ECB’s de Cos: Haven’t Reached the End of Rate Hikes Yet; Long-Term Expectations Firmly Anchored

2 November 2022

By David Barwick – FRANKFURT (Econostream) – The European Central Bank will have to undertake additional rate hikes, but long-term inflation expectations are still well anchored, Governing Council member Pablo Hernández de Cos said Wednesday.

In an interview with German daily Frankfurter Allgemeine Zeitung, de Cos, who heads Banco de España, said that the ECB had ‘made significant progress in unwinding monetary accommodation’.

‘But we must bring interest rates to levels that allow inflation to return to our medium-term target of 2%’, he continued. ‘And we haven't reached the end here.’

The ECB’s policy reaction reflected the different nature of inflation in the euro area compared to the US, he said.

‘And despite the surge in inflation, long-term inflation expectations remain firmly anchored, which I believe demonstrates that our response has been appropriate’, he added.

Still, de Cos warned that inflation was partly driven by demand and that ‘the size and duration of the inflation spurt is exceptional and price pressures have spread to the rest of the basket’, making second-round effects likelier.

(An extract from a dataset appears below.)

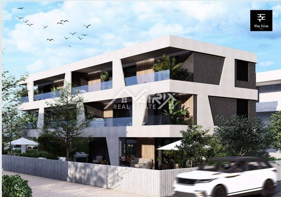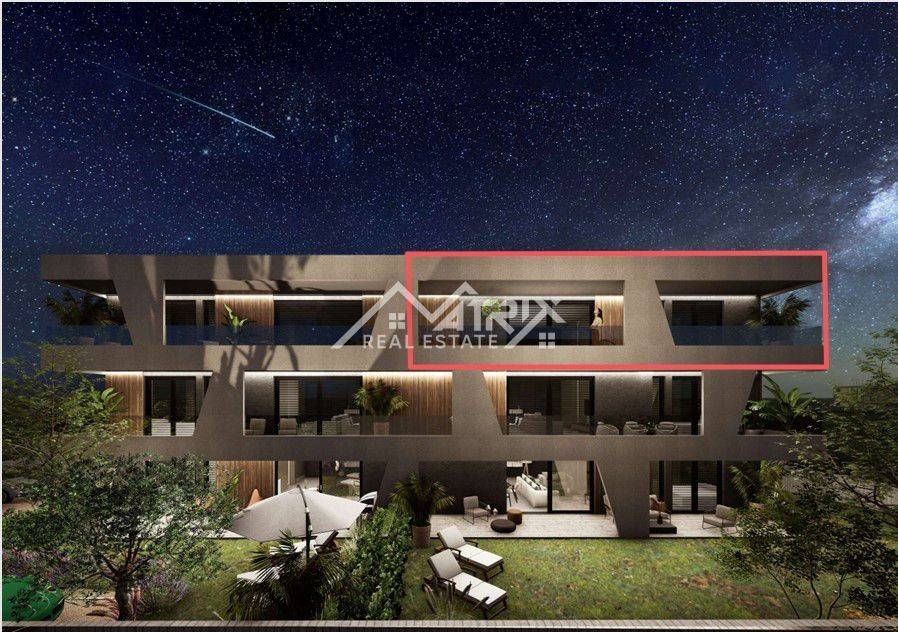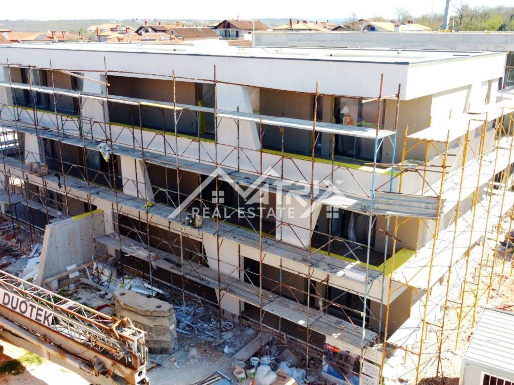 A modern apartment is for sale in a newly built building near Umag. The apartment has a net usable area of 82.9 m2 and is located on the second floor of a building with a total of six residential units. It consists of a spacious living room with a kitchen, two bedrooms, a bathroom, a WC, a large 27 m2 terrace, and a storage room in the basement. The apartment comes with one parking space, with the option to purchase an additional parking space.

‘Looking ahead, we will take into account our earlier decisions - as well as the fact that they have a lagged effect on economic activity and inflation’, he continued. ‘And of course our future decisions will depend on inflation forecasts. These, in turn, depend on the economic outlook and thus, as we are currently observing, on the higher probability of a recession.’

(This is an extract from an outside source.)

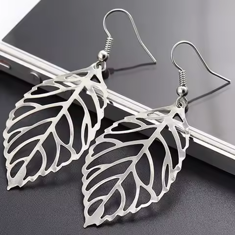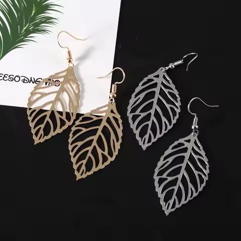Hollow Out Leaf Drop Earrings for Women Trendy Metal Hook Earrings Vintage Golden Silver Color Dangle Earrings Brief Jewelry

The terminal rate was unknowable, given ‘enormously high’ uncertainty, he said. In any case, ‘we still have a good bit of the way before us’, he said. ‘But this depends on the inflation outlook and is accordingly data-driven. As for the neutral interest rate, I see it as a communication tool. If you compare it with current interest rates, you can draw conclusions about whether we are already in a more or less restrictive area.’

Though agreeing that ‘[a]t some point we have to start reducing our APP portfolio’, the ‘main principles’ of which he said would be decided in December, de Cos urged that it be done ‘very carefully and very gradually.’

‘Especially because we don't have much evidence on the impact’, he elaborated. ‘First of all, we have to draw conclusions from the balance sheet reduction that follows from the decision to change the terms of the TLTRO bank long-term loans. We will also need to consider the reduction in the APP stock in the context of our interest rate path to create financial conditions consistent with achieving our inflation target.’